§ **WORK TO COMPLETE**: Write out the entries below exactly, but only from the line containing "Eighty-five people were" through the line containing "裾レースフレンチスリーブプリーツワンピース(アンサンブル可能)", and without the pictures.

§ **DATA TO USE**:

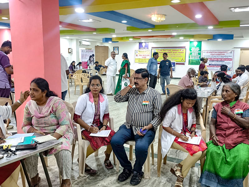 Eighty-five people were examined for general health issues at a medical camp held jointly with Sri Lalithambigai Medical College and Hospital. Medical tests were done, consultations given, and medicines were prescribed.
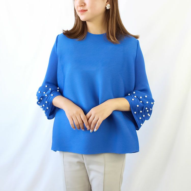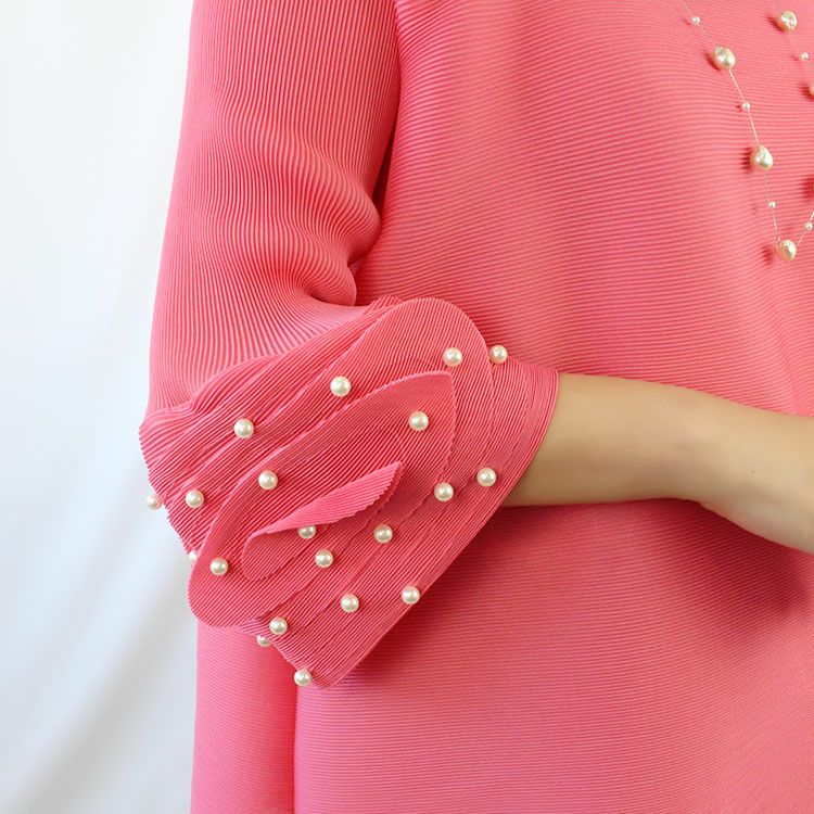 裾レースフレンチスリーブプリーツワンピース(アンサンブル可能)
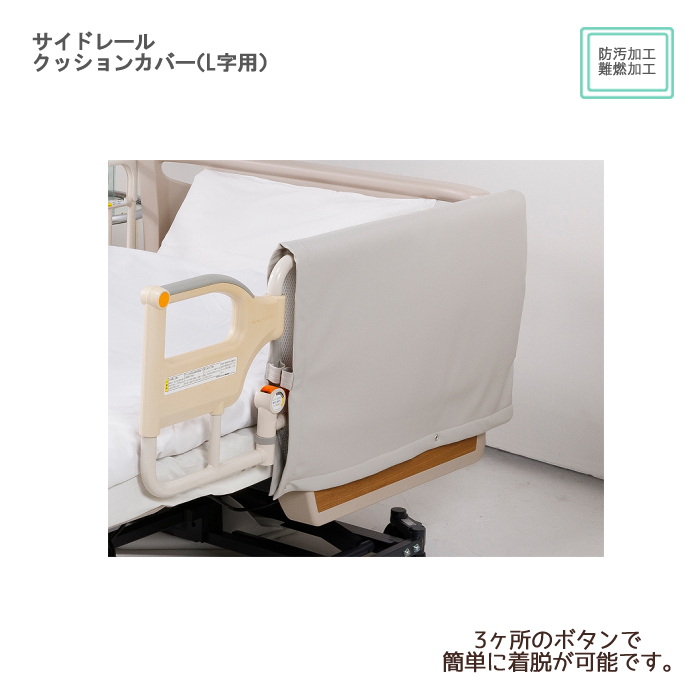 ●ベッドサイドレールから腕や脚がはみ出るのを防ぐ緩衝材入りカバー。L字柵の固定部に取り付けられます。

* * *

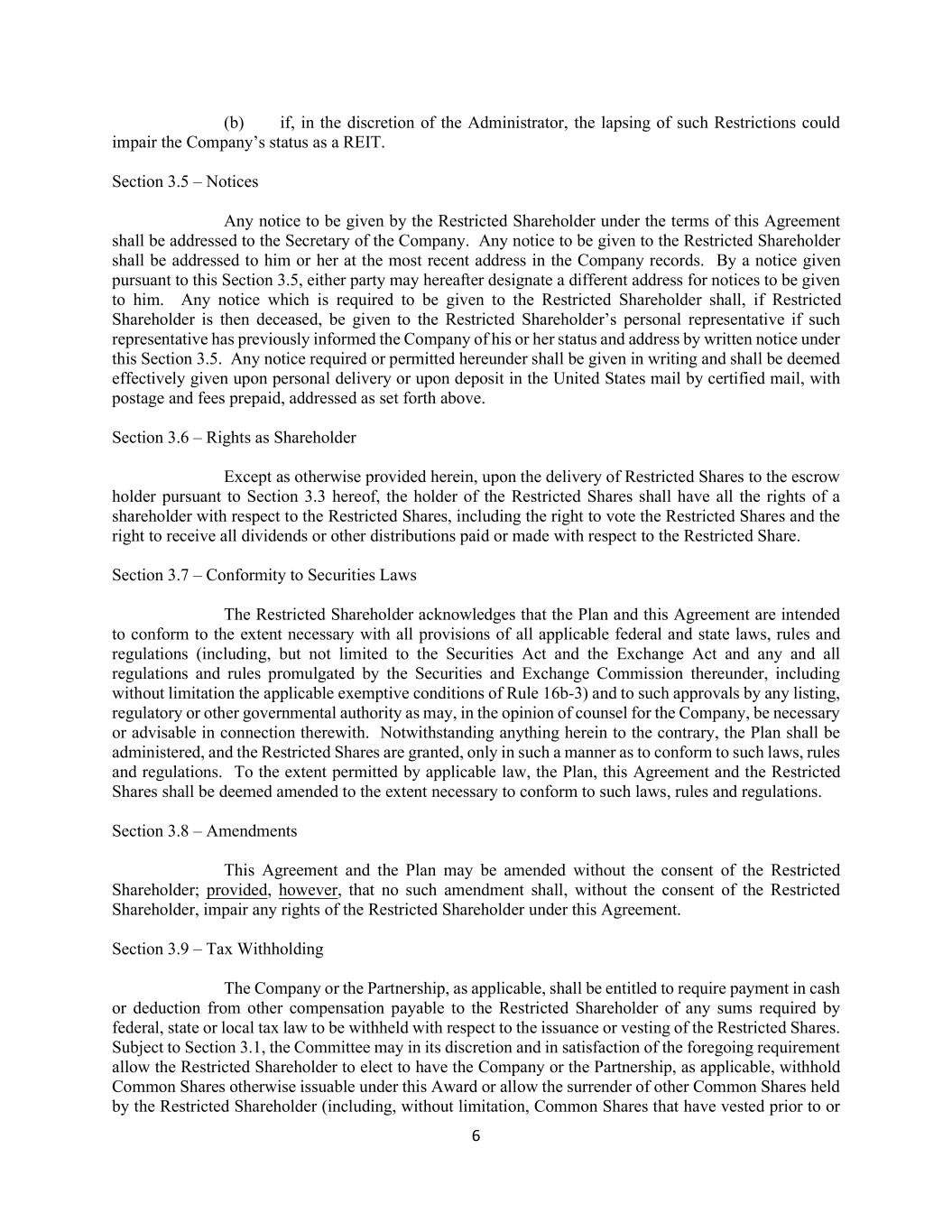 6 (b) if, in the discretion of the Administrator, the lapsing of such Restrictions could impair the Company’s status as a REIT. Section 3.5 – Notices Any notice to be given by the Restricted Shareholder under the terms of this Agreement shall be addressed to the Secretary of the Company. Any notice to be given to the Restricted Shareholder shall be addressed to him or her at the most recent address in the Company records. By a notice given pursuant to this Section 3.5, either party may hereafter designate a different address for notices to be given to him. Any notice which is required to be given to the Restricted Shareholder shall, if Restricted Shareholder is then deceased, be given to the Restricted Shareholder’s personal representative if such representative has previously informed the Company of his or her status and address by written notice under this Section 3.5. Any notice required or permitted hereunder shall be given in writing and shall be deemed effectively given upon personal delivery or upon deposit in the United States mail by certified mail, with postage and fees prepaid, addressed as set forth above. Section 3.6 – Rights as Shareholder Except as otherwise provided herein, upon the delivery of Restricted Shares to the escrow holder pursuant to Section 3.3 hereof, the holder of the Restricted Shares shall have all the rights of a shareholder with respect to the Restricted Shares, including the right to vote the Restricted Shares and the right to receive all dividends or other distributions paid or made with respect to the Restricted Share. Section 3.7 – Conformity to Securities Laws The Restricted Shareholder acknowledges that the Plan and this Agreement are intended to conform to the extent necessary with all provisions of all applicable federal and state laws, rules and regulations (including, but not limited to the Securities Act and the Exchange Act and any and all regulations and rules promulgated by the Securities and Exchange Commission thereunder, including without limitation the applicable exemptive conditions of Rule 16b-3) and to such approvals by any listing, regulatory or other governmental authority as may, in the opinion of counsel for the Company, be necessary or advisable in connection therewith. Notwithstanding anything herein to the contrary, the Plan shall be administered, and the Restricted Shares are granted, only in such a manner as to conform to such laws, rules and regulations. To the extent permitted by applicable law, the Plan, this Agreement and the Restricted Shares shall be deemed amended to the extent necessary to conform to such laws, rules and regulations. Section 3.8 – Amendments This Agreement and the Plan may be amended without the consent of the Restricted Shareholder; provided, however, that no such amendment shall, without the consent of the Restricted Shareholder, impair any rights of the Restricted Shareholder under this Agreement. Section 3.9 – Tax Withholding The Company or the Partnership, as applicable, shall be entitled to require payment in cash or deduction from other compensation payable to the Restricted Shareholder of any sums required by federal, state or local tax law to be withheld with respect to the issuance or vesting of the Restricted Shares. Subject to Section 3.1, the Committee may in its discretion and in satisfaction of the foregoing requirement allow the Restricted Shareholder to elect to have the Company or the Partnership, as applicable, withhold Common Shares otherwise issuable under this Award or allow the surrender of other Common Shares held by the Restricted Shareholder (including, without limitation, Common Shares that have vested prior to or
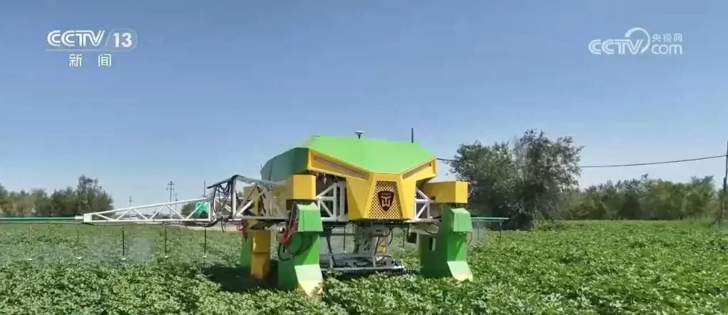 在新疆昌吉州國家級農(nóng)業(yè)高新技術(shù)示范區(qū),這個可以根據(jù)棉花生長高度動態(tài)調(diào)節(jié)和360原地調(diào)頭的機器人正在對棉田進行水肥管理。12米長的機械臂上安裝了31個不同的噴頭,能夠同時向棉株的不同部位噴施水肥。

---

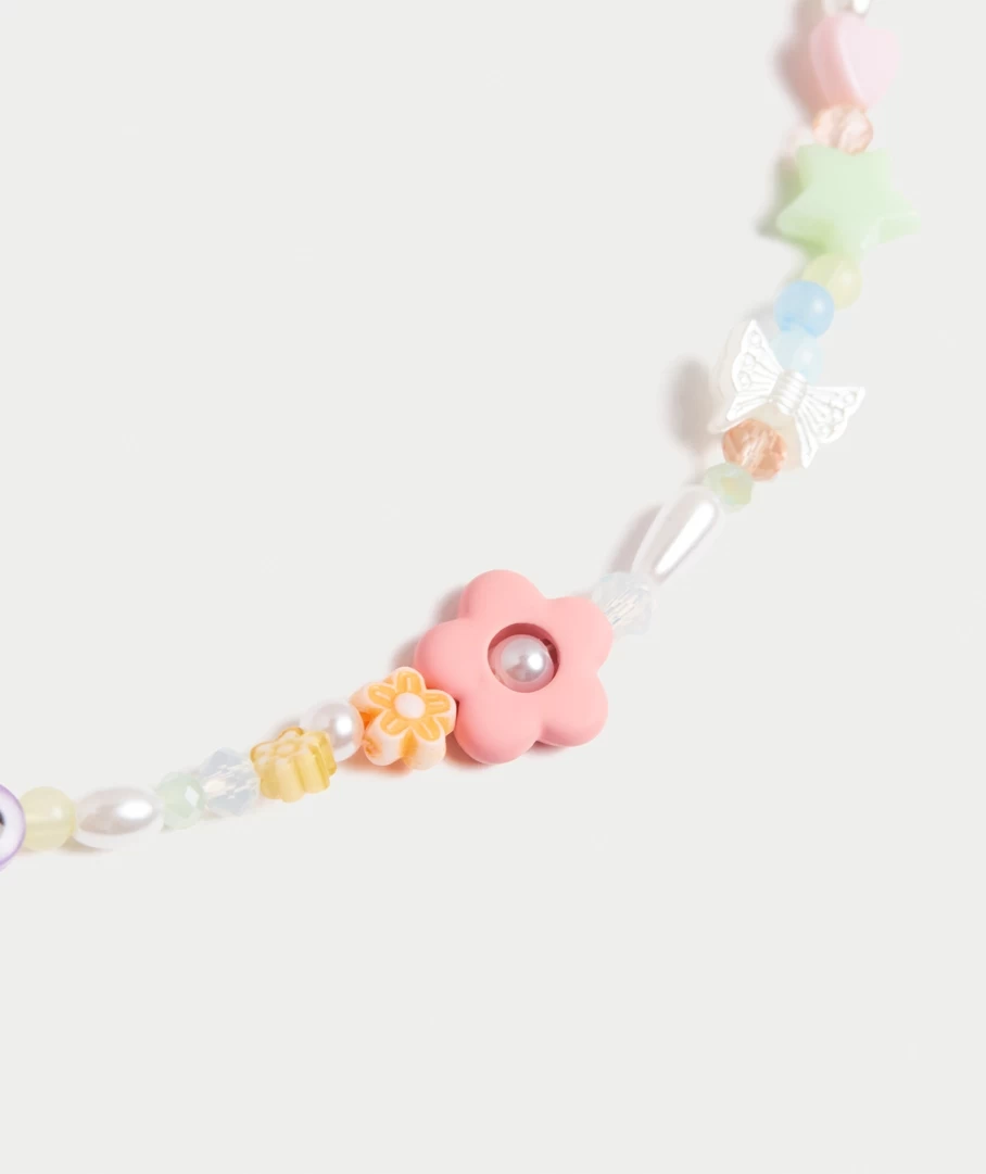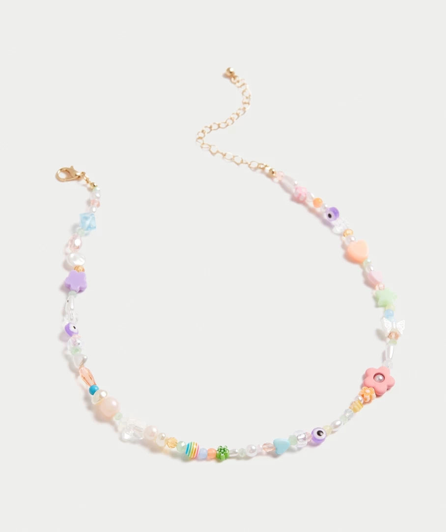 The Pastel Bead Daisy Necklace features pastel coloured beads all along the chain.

§ **SOLUTION FOR THIS EXERCISE**:
 Eighty-five people were examined for general health issues at a medical camp held jointly with Sri Lalithambigai Medical College and Hospital. Medical tests were done, consultations given, and medicines were prescribed.
 裾レースフレンチスリーブプリーツワンピース(アンサンブル可能)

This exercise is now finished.